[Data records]
*****
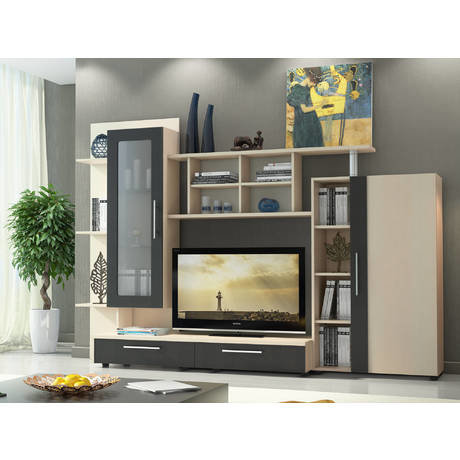 Стенка Франк. Каркас — ЛДСП. Цвет — черный, бежевый.
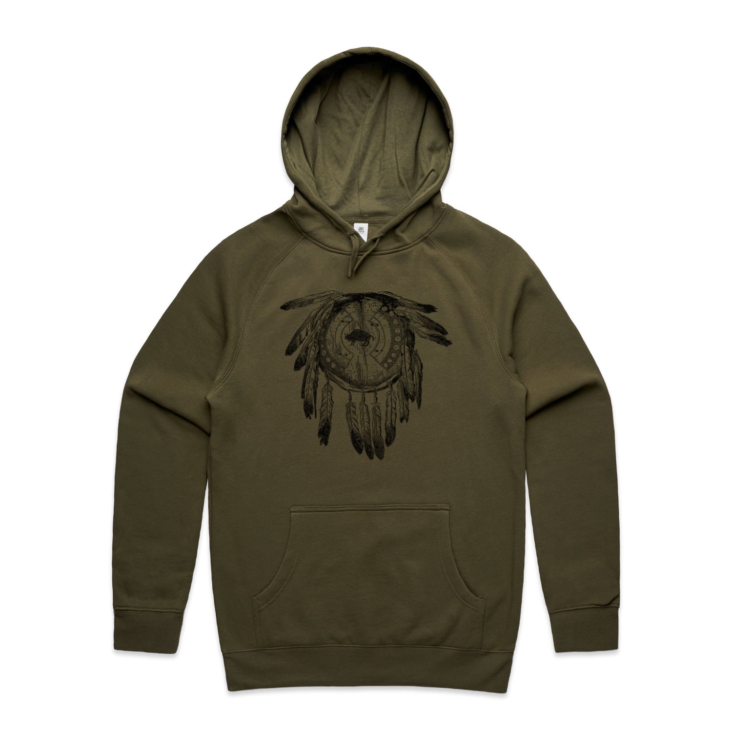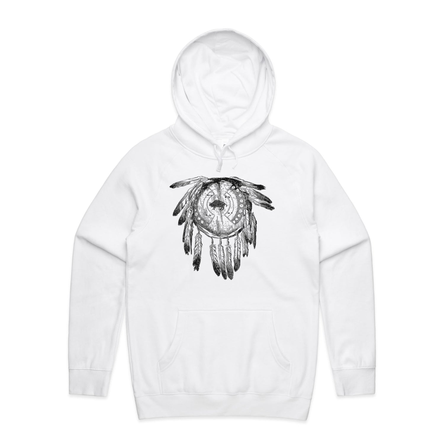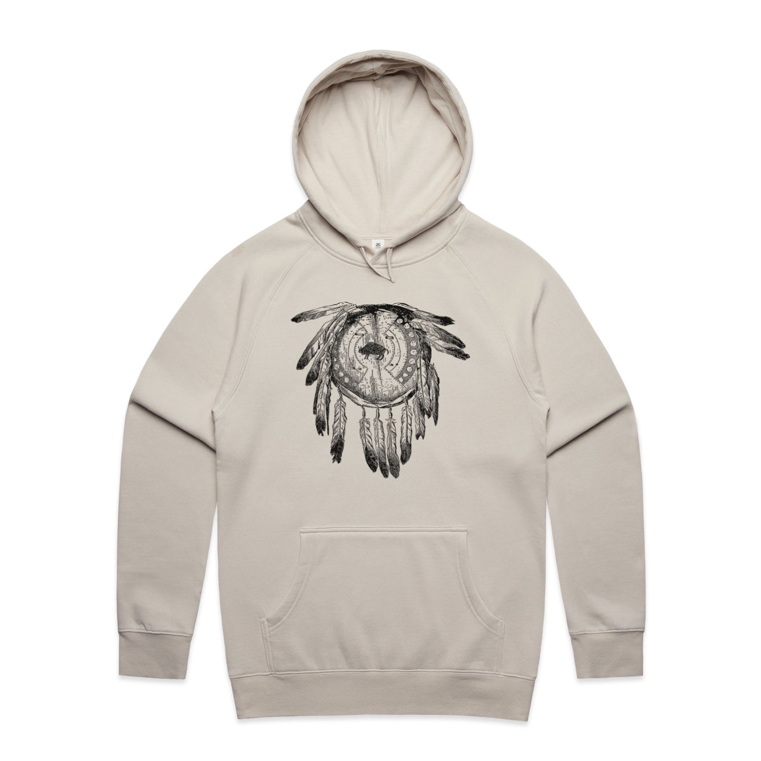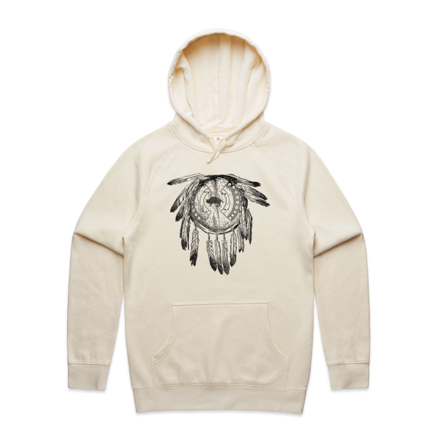 The Hoodies Northern Blackfoot Buffalo Hide Shield – Men's Hooded Sweatshirt is a high-quality men's hooded sweatshirt, printed with black ink on the trusted AS Colour Supply Hood 5101. With a regular fit and mid-weight feel, it's crafted from a premium blend of 80% cotton and 20% polyester anti-pill fleece, making it a durable and comfortable staple for any wardrobe. The pullover design features raglan sleeves, a lined hood with tonal drawcord, ribbed sleeve cuffs, and a roomy kangaroo pocket — all designed to keep you warm while looking effortlessly sharp.
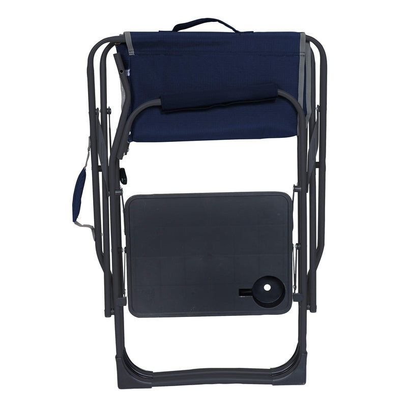 A comfortable folding directors chair in a compact package! Able to fold up 40% smaller than similar styles. Padded armrests and a side table make this seat a tried-and-true favorite.
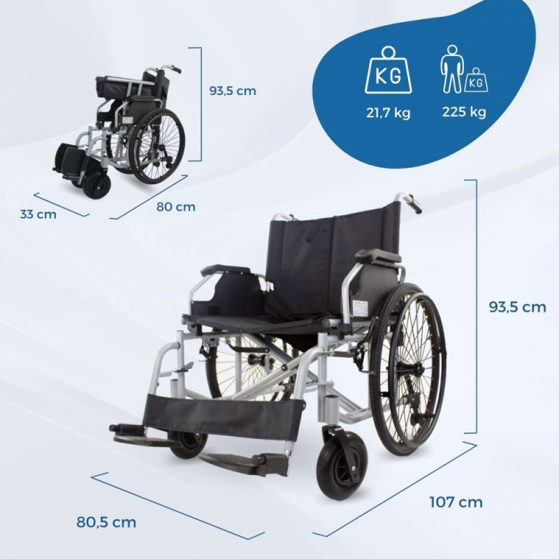 TAMAÑO MAXI: Un ancho de asiento especial de hasta 60cm y un peso de carga máximo de 225kg, para adaptarse y asegurar la comodidad del usuario. Debido a su gran tamaño, asegúrese de medir el ancho de sus puertas y accesos para garantizar el paso de la silla sin inconvenientes.
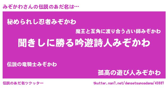 | 意味不明あだ名 | 『住所不定無職みぞかわ(6歳)』 |
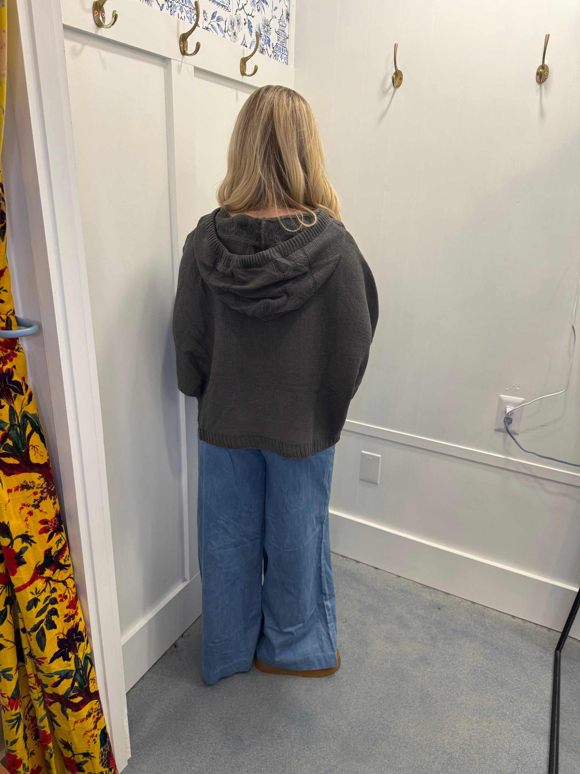 Designed in balloon sleeve roomy fit sweater hoodie top in chenille with print loop point, twisted weave, solid color.
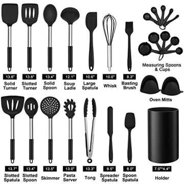 Homikit 27 Pieces Silicone Cooking Utensils Set with Holder, Kitchen Utensil Sets for Nonstick Cookware, Black Kitchen Tools Spatula with Stainless Steel Handle, Heat Resistant
*****
Give back each entry verbatim but drop its pictures.

 Стенка Франк. Каркас — ЛДСП. Цвет — черный, бежевый.
 The Hoodies Northern Blackfoot Buffalo Hide Shield – Men's Hooded Sweatshirt is a high-quality men's hooded sweatshirt, printed with black ink on the trusted AS Colour Supply Hood 5101. With a regular fit and mid-weight feel, it's crafted from a premium blend of 80% cotton and 20% polyester anti-pill fleece, making it a durable and comfortable staple for any wardrobe. The pullover design features raglan sleeves, a lined hood with tonal drawcord, ribbed sleeve cuffs, and a roomy kangaroo pocket — all designed to keep you warm while looking effortlessly sharp.
 A comfortable folding directors chair in a compact package! Able to fold up 40% smaller than similar styles. Padded armrests and a side table make this seat a tried-and-true favorite.
 TAMAÑO MAXI: Un ancho de asiento especial de hasta 60cm y un peso de carga máximo de 225kg, para adaptarse y asegurar la comodidad del usuario. Debido a su gran tamaño, asegúrese de medir el ancho de sus puertas y accesos para garantizar el paso de la silla sin inconvenientes.
 | 意味不明あだ名 | 『住所不定無職みぞかわ(6歳)』 |
 Designed in balloon sleeve roomy fit sweater hoodie top in chenille with print loop point, twisted weave, solid color.
 Homikit 27 Pieces Silicone Cooking Utensils Set with Holder, Kitchen Utensil Sets for Nonstick Cookware, Black Kitchen Tools Spatula with Stainless Steel Handle, Heat Resistant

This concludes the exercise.